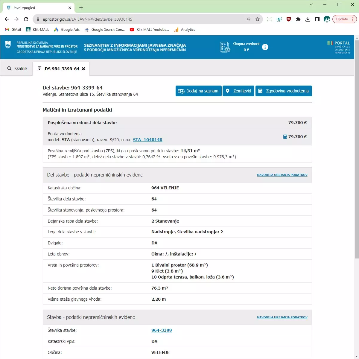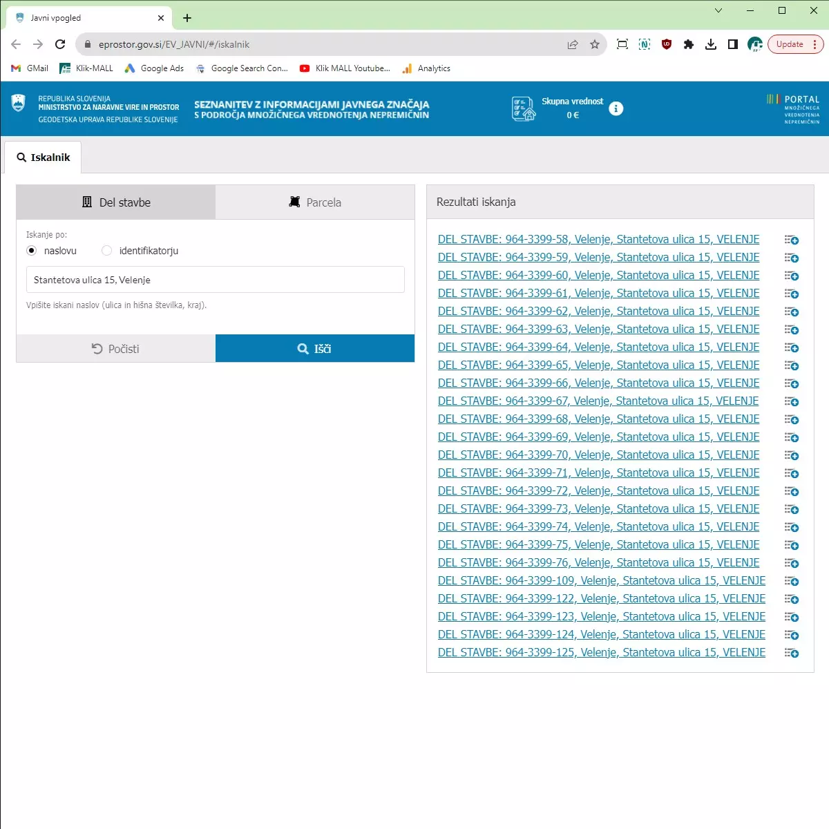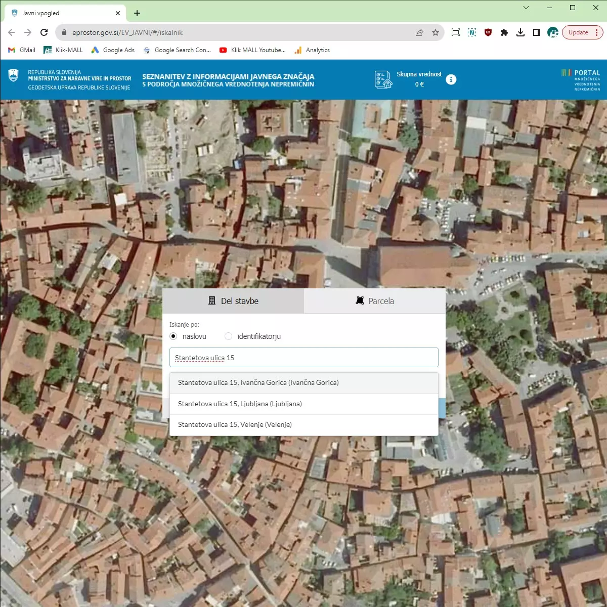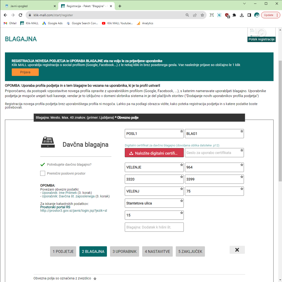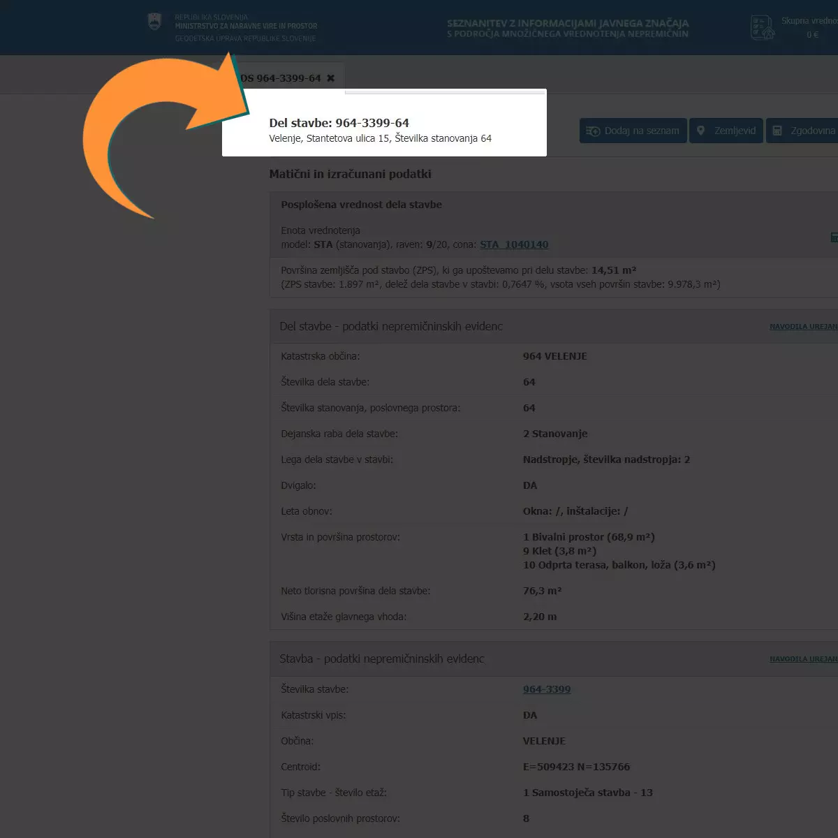 Na povezavi https://eprostor.gov.si/EV_JAVNI/#/iskalnik poiščete nepremičnino, v kateri boste izdajali račune z davčno blagajno. 3 podatke morate vnesti v obrazec ob registraciji davčne blagajne v stalnem poslovnem prostoru:
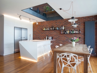 - Couvercle carré Ce sera une excellente solution pour le placement dans le style urbain, sera également une option immaculée pour une pièce dans un style loft et minimalisme.
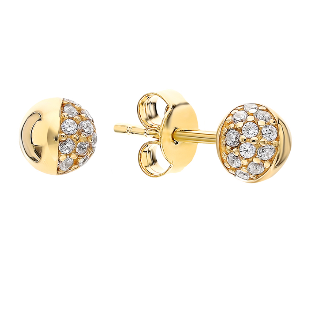 Половина шарика украшена мелкими фианитами, которые придают серьге мерцающий блеск. Такая модель понравится поклонницам минимализма или тем, кто носит несколько серег в одном ухе.
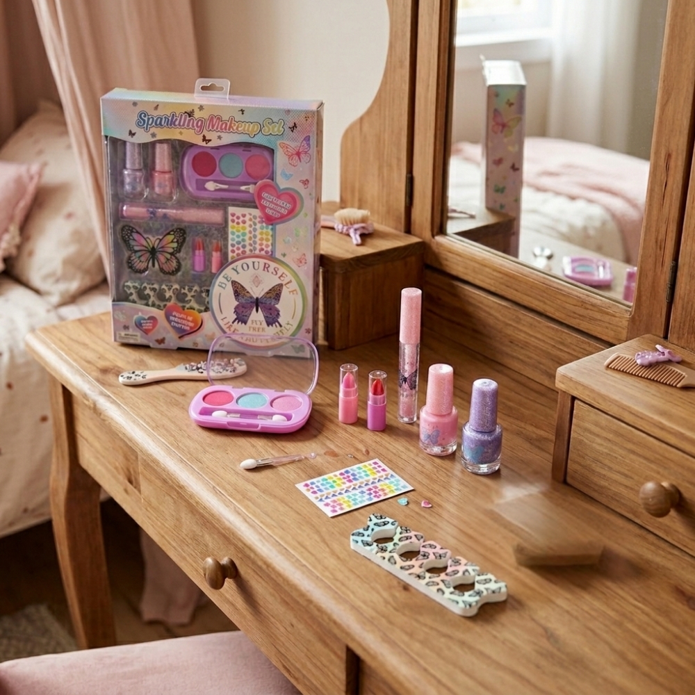 כל מוצרי הקוסמטיקה בערכה נשטפים בקלות במים, מה שמאפשר לפאשניסטיות הקטנות להתנסות בחופשיות ובלי דאגות.

· · · · ·

_What you need to do_.
What is needed is the whole listing again, exactly as written, with the images left out.

_Your response_.
 Na povezavi https://eprostor.gov.si/EV_JAVNI/#/iskalnik poiščete nepremičnino, v kateri boste izdajali račune z davčno blagajno. 3 podatke morate vnesti v obrazec ob registraciji davčne blagajne v stalnem poslovnem prostoru:
 - Couvercle carré Ce sera une excellente solution pour le placement dans le style urbain, sera également une option immaculée pour une pièce dans un style loft et minimalisme.
 Половина шарика украшена мелкими фианитами, которые придают серьге мерцающий блеск. Такая модель понравится поклонницам минимализма или тем, кто носит несколько серег в одном ухе.
 כל מוצרי הקוסמטיקה בערכה נשטפים בקלות במים, מה שמאפשר לפאשניסטיות הקטנות להתנסות בחופשיות ובלי דאגות.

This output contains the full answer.